- [Requirement]:
The result should be a faithful copy of every entry below, with the pictures left out.

(Data records)
━━━
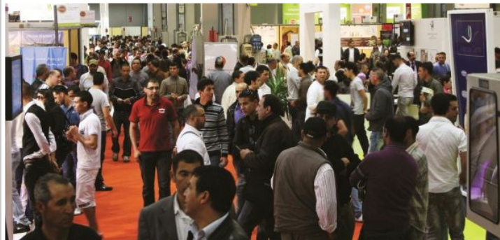
Caption: The first edition of the SMAP Expo Abu Dhabi opens its doors tomorrow at ADNEC, showcasing Moroccan real estate investment opportunities for thousands of UAE based investors.

Morocco's largest ever mixed-used development, a joint venture between Abu Dhabi based Al Maabar International and Morocco's Bouragreg Agency, will take centre stage tomorrow (Thursday) when the world's leading Moroccan real estate and lifestyle event opens its doors in the UAE capital.
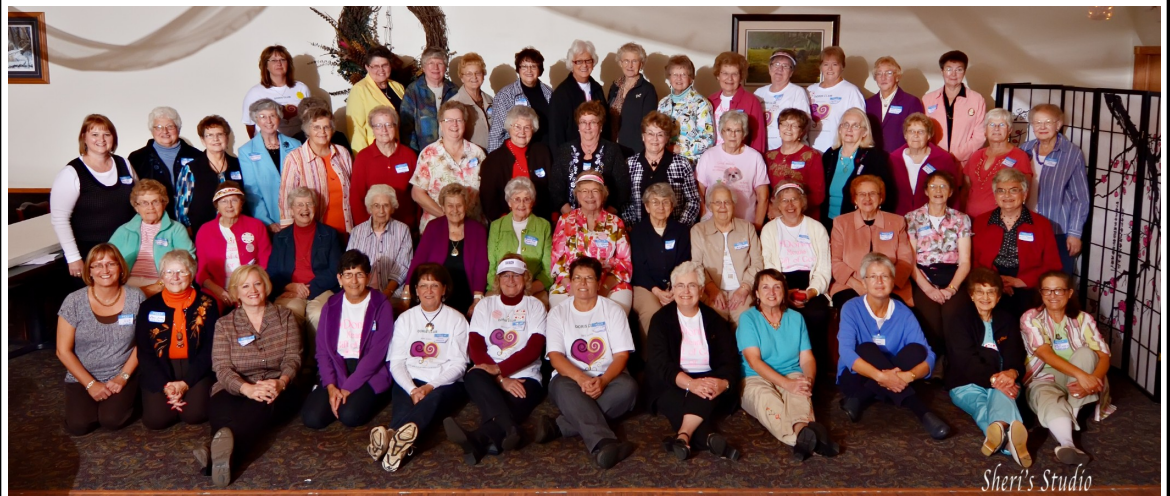
The Doris Club had 60 participants that enjoyed the Paynesville Historical Society and many of the other businesses in Paynesville on September 16th.
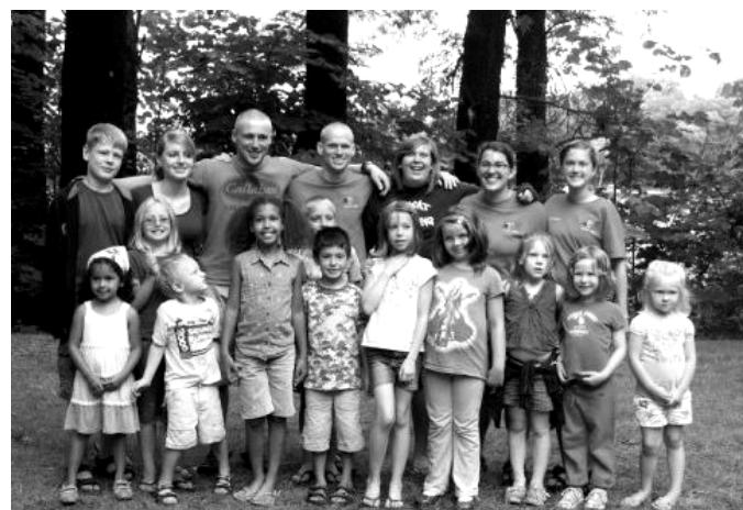
Kids attending camp and the Camp Counselors
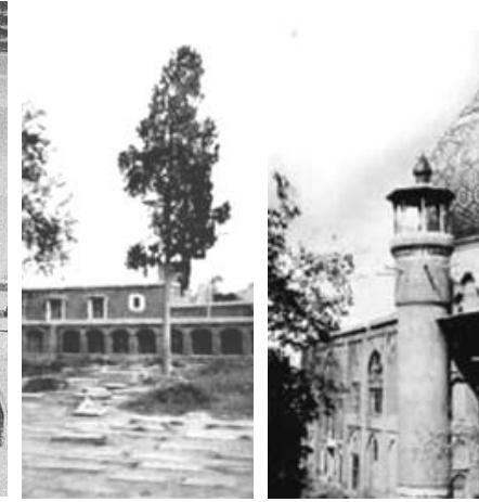
Tree Marking the Báb's Infant Son in Babi-Dukhtaran Shiraz
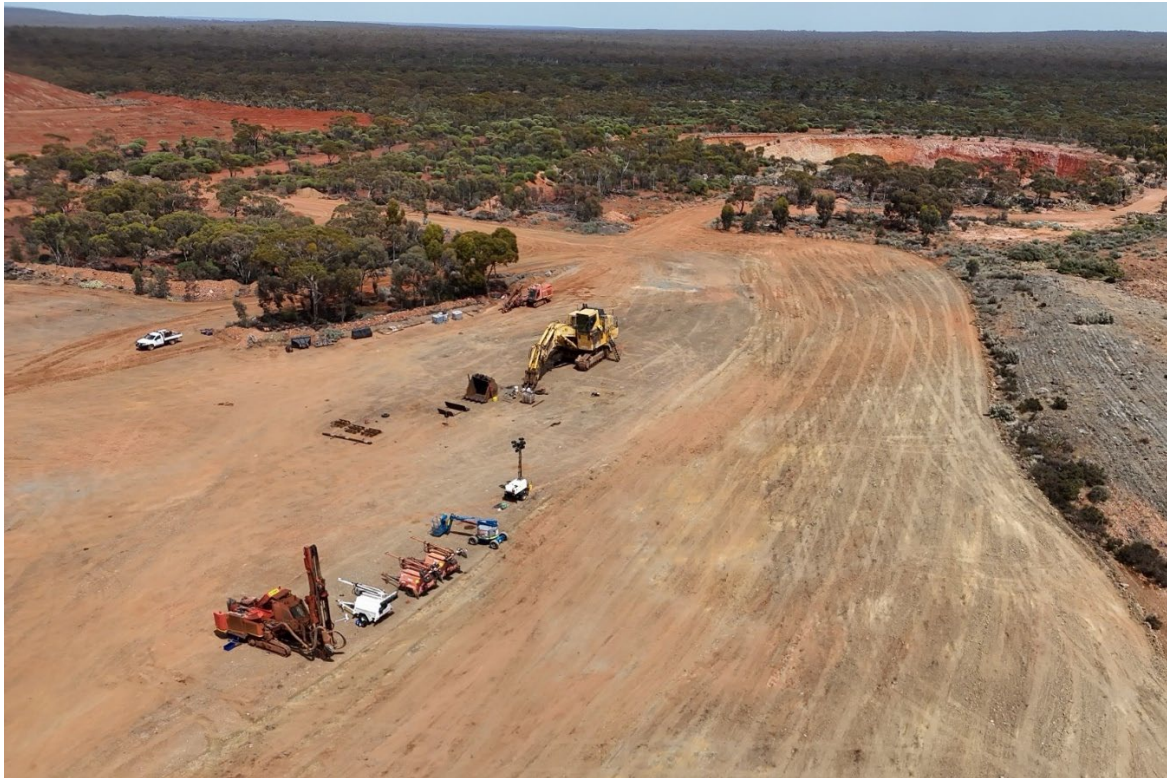
Figure 2: Aerial view of initial clearing and equipment mobilised to Phillips Find
━━━
- [Task result]:
Caption: The first edition of the SMAP Expo Abu Dhabi opens its doors tomorrow at ADNEC, showcasing Moroccan real estate investment opportunities for thousands of UAE based investors.

Morocco's largest ever mixed-used development, a joint venture between Abu Dhabi based Al Maabar International and Morocco's Bouragreg Agency, will take centre stage tomorrow (Thursday) when the world's leading Moroccan real estate and lifestyle event opens its doors in the UAE capital.
The Doris Club had 60 participants that enjoyed the Paynesville Historical Society and many of the other businesses in Paynesville on September 16th.
Kids attending camp and the Camp Counselors
Tree Marking the Báb's Infant Son in Babi-Dukhtaran Shiraz
Figure 2: Aerial view of initial clearing and equipment mobilised to Phillips Find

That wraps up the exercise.